# DCWC 14 Field / 14 Hunter Field / 14 Animal targets Archery shoot Aug. 15th



## jarlicker (Jul 29, 2002)

DCWC 14 Field / 14 Hunter Field / 14 Animal targets Archery shoot Aug. 15th 

--------------------------------------------------------------------------------

Durham Co. Wildlife Club in Morrisville, NC is hosting a NFAA 14 Field / 14 Hunter / 14 Animal targets Field Archery shoot Saturday, August 15.

$10 registration fee
All are welcome
Come on out and shoot with us. Have some fun!
Lunch will be available. Lots of cold drinks

10 am start time - You can start earlier if you can get a group of three together to go around the course.

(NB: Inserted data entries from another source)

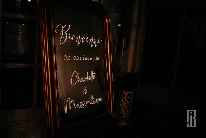 Nous avons joué avec le côté baroque du lieu en ajoutant des miroirs vintages sur les points de déco stratégiques: panneau de bienvenue, plan de table, menu…
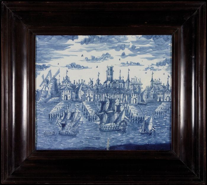 Blauwe rechthoekige aardewerk plaque in zwarte antie...
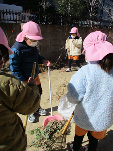熊手やほうき等で一か所に集めたり、火ばさみで挟んでゴミ袋に入れたりと一生懸命お掃除する姿がかっこよかったです!
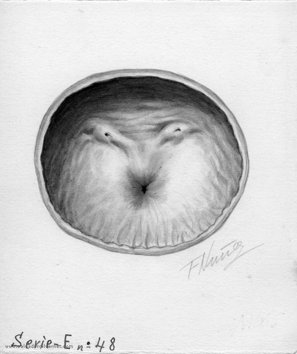 Vejiga Serie E48 Sección transversalVarón adulto F. Nuñez. ca. 1948 Lápiz sobre cartulina. 15 x 13 cm. Trígono y cuello vesical. Lóbulo medio prostático. Hipertrofia del detrusor.
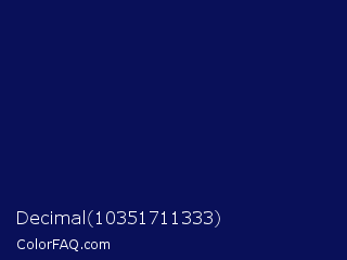 Decimal 10351711333 Color is a very dark blue color and the nearest color is Gulf Blue #051657. Hex code #091059 and RGB value is rgb(9,16,89). In RGB color space, this color is composed of 4% red, 6% green, 35% blue, In CMYK color space, this color is composed of 90% cyan, 82% magenta, 0% yellow , 65% black , In HSL color space, this color has a hue angle of 235° , 82% saturation and 19% lightness.
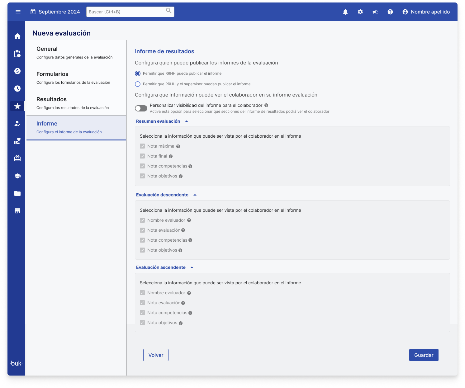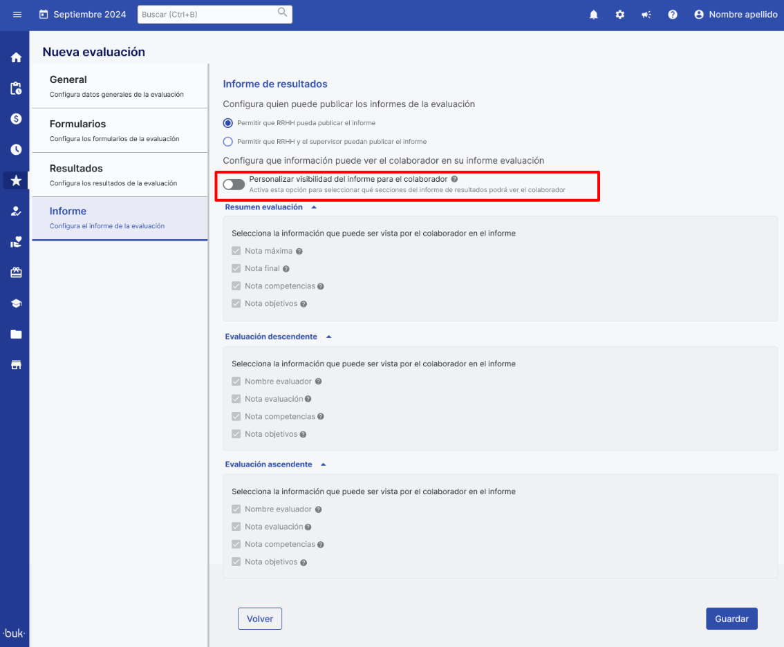 Ao ativar a opção de“Personalizar visibilidade do relatório para o colaborador”, será possível selecionar quais seções do relatório de resultados o colaborador poderá visualizar.
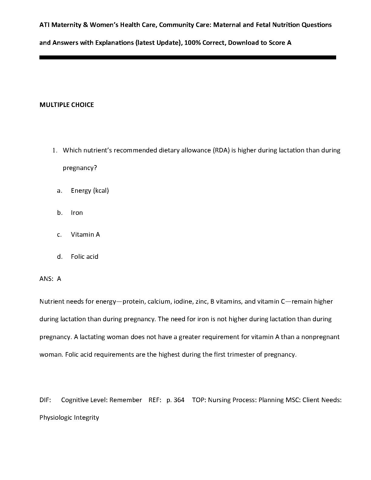 ATI Maternity & Women’s Health Care, Community Care: Maternal and Fetal Nutrition Questions and Answers with Explanations (latest Update), 100% Correct, GRADED A. DOWNLOAD on www.hackedexams.com INSTANTLY.
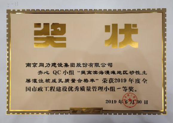 本次发布会上,同力建设参赛的两项QC成果均来自项目施工一线,成果质量水平较高,经过激烈角逐,同力人QC小组的《降低风化岩层三重管高压旋喷桩水泥损耗率》和齐心QC小组的《提高滨海漫滩地区砂性土层灌注桩成孔一次验收合格率》均荣获一等奖,同力建设凭借多年来在QC小组活动中的突出成绩和表现,再次荣获“2019年度全国市政工程建设QC小组活动优秀企业”称号,徐庆平获得“2019年度全国市政工程建设QC小组活动优秀推进者”,此次再获大奖是对同力建设多年来QC小组活动成绩的一种肯定,更激励同力人继续努力开展QC小组活动。
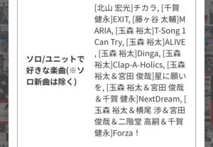 ソロに関しては各担当が未音源化の楽曲をチョイスしろ!みたいな流れになっていたのでそれをチョイスしました。それ以外に推しの好きな曲をぽちぽち。ここに桂木廉名義で出してるMiss youがあったら全力で投票したんですが、さすがにそれはなかった。(むしろこの曲こそ今の歌唱力で歌ってほしい。。。)みやっちとのは星に願いをだけです。あれは玉ちゃんのパートが最高すぎるので。Camelliaよりはクラホリ派っていうとたぶん異端児の玉担です。私、中性的な顔立ちと玉ちゃんから雄を感じる曲が好きなようです。

This will be the last NCFAA / NFAA Quailifier Shoot for the August 22 & 23 NCFAA/ NFAA state outdoor Field Archery Championship at Yadkin Field Archery.

For more information go to www.dcwc.net 
or call me Joe Rozmus at (919) 606-5692


----------



## pragmatic_lee (Jan 19, 2008)

Just a reminder to all NCFAA members - as Joe said, this is your last chance to qualify for the NFAA/NCFAA Start Tournament on Sat. 8/22 & Sun. 8/23 at the MooTel (Yadkin Field Archery).

Since we're planning to shoot Field, Hunter, & Animal Jarlicker has put the call out to club members to volunteer to cook on sight instead on going into town for a meal.

OF COURSE, even if you're not an NCFAA nor NFAA member, everyone is welcomed to come shoot at both DCWC and the NCFAA tournament.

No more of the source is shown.